Als schrijver zie je dingen anders dan anderen en zet je met je woorden mensen aan tot nadenken. “Je moet als schrijver wel durven. Denk maar aan dat gek briefje dat een jongen durfde te schrijven in de klas: “De juf haar neus lijkt op een pampoen.” De juf ontdekt het en de gevolgen…! Wat je schrijft heeft effect. Het kan de visie van mensen op het leven geheel veranderen en ernstig beïnvloeden”, stelt Rappa.

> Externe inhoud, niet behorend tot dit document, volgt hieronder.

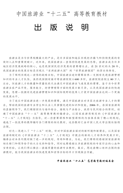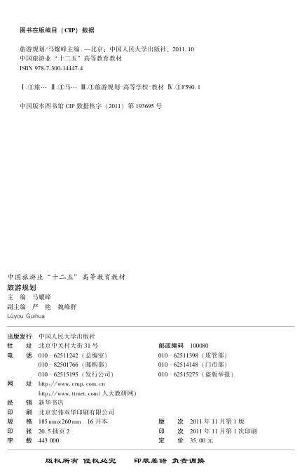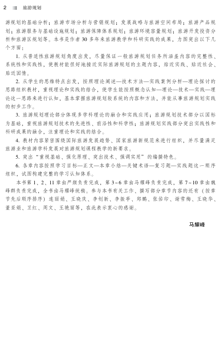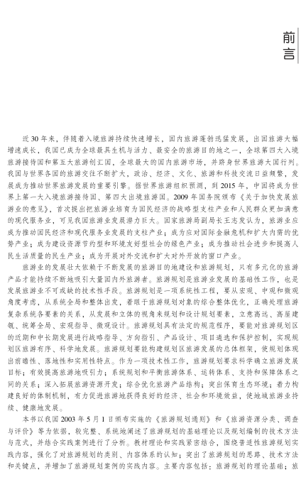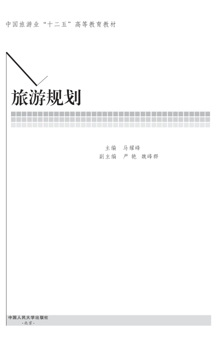 本书由马耀峰主编,作为中国旅游业“十二五”高等教育教材之一,系统整合了旅游规划的基础理论、技术方法与实践案例。以国家《旅游规划通则》和旅游资源评价标准为依据,内容涵盖旅游市场分析、空间布局、产品设计、基础设施规划、环境容量及投资分析等核心模块,结构完整、逻辑清晰。全书注重理论与实践结合,采用“理论—方法—案例—练习”的编写模式,适合高校旅游管理专业教学使用,也对从事旅游规划实务的从业者具有重要参考价值。强调基础性、科学性与实用性,是了解中国旅游规划体系与发展思路的代表性著作。

Schrijven is techniek, dat kun je op de lange duur wel leren. Het maakt je alleen maar een beter schrijver. Lezen is een must, maar die drang is wel een eerste vereiste. Rappa zelf ontdekte op een heel aparte manier zijn schrijftalent. Er waren moeilijke tijden. En eenieder deed zijn zegje. In de krant, op school, in de studentenkrant. En wij studenten zaten een dagje te balen en een jongen die maakte enkele onbedrukte stencilvellen aan elkaar vast en stuurde het door de klas met de opdracht te schrijven wat je dacht”, vertelt Rappa. Nou er waren genoeg die gekkigheid neerpenden, uitscholden, maar toen al zei ik dingen op een lachwekkende scherpe manier en ze begonnen te lachen. “Ey a boy dis tya kiek, hij schrijft leuke dingen.” Hij is daarom de mening toegedaan dat er op onderwijsniveau veel meer gedaan moet worden aan creatief schrijven. In het buitenland is er niet meer talent dan hier. Ze vestigen er gewoon meer aandacht op waardoor het zich ook beter uit. Wie weet hebben we hier een groot schrijver rondlopen die gewoon ontdekt en gestimuleerd moet worden.”